- Rasulpur Location in Punjab, India Rasulpur Rasulpur (India)
- Coordinates: 31°08′29″N 76°00′48″E﻿ / ﻿31.1414347°N 76.0134552°E
- Country: India
- State: Punjab
- District: Shaheed Bhagat Singh Nagar

Government
- • Type: Panchayat raj
- • Body: Gram panchayat
- Elevation: 251 m (823 ft)

Population (2011)
- • Total: 1,283
- Sex ratio 626/657 ♂/♀

Languages
- • Official: Punjabi
- Time zone: UTC+5:30 (IST)
- PIN: 144513
- Telephone code: 01884
- ISO 3166 code: IN-PB
- Post office: Musapur (S.O)
- Website: nawanshahr.nic.in

= Rasulpur, Shaheed Bhagat Singh Nagar =

Rasulpur is a village in Shaheed Bhagat Singh Nagar district of Punjab State, India. It is located 3.3 km away from sub post office Musapur, 9.8 km from Nawanshahr, 7 km from district headquarter Shaheed Bhagat Singh Nagar and 103 km from state capital Chandigarh. The village is administrated by Sarpanch an elected representative of the village.

== Demography ==
As of 2011, Rasulpur has a total number of 285 houses and population of 1283 of which 626 include are males while 657 are females according to the report published by Census India in 2011. The literacy rate of Rasulpur is 84.05%, higher than the state average of 75.84%. The population of children under the age of 6 years is 136 which is 10.60% of total population of Rasulpur, and child sex ratio is approximately 789 as compared to Punjab state average of 846.
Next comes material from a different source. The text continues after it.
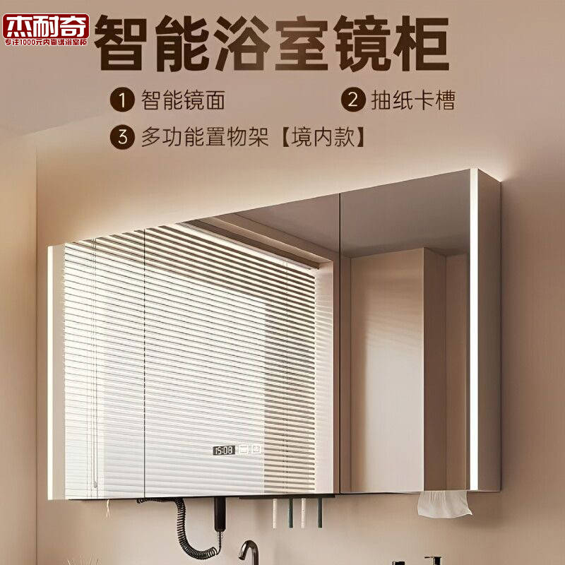 • 智慧镜柜系统:集成RGB三色温调节(3000K-6500K)、人体感应夜灯、紫外线消毒(99.99%杀菌率)

Most of the people are from Schedule Caste which constitutes 51.91% of total population in Rasulpur. The town does not have any Schedule Tribe population so far.

As per the report published by Census India in 2011, 309 people were engaged in work activities out of the total population of Rasulpur which includes 292 males and 17 females. According to census survey report 2011, 97.73% workers describe their work as main work and 2.27% workers are involved in Marginal activity providing livelihood for less than 6 months.

== Education ==
The village has a Punjabi medium, co-ed primary school established in 1954. The school provide mid-day meal per Indian Midday Meal Scheme. As per Right of Children to Free and Compulsory Education Act the school provide free education to children between the ages of 6 and 14.

Amardeep Singh Shergill Memorial college Mukandpur, KC Engineering College and Doaba Khalsa Trust Group Of Institutions are the nearest colleges. Industrial Training Institute for women (ITI Nawanshahr) is 14 km. The village is 82.8 km away from Chandigarh University, 61 km from Indian Institute of Technology and 36.8 km away from Lovely Professional University.

== Transport ==
Banga train station is the nearest train station however, Garhshankar Junction railway station is 20 km away from the village. Sahnewal Airport is the nearest domestic airport which located 64 km away in Ludhiana and the nearest international airport is located in Chandigarh also Sri Guru Ram Dass Jee International Airport is the second nearest airport which is 146 km away in Amritsar.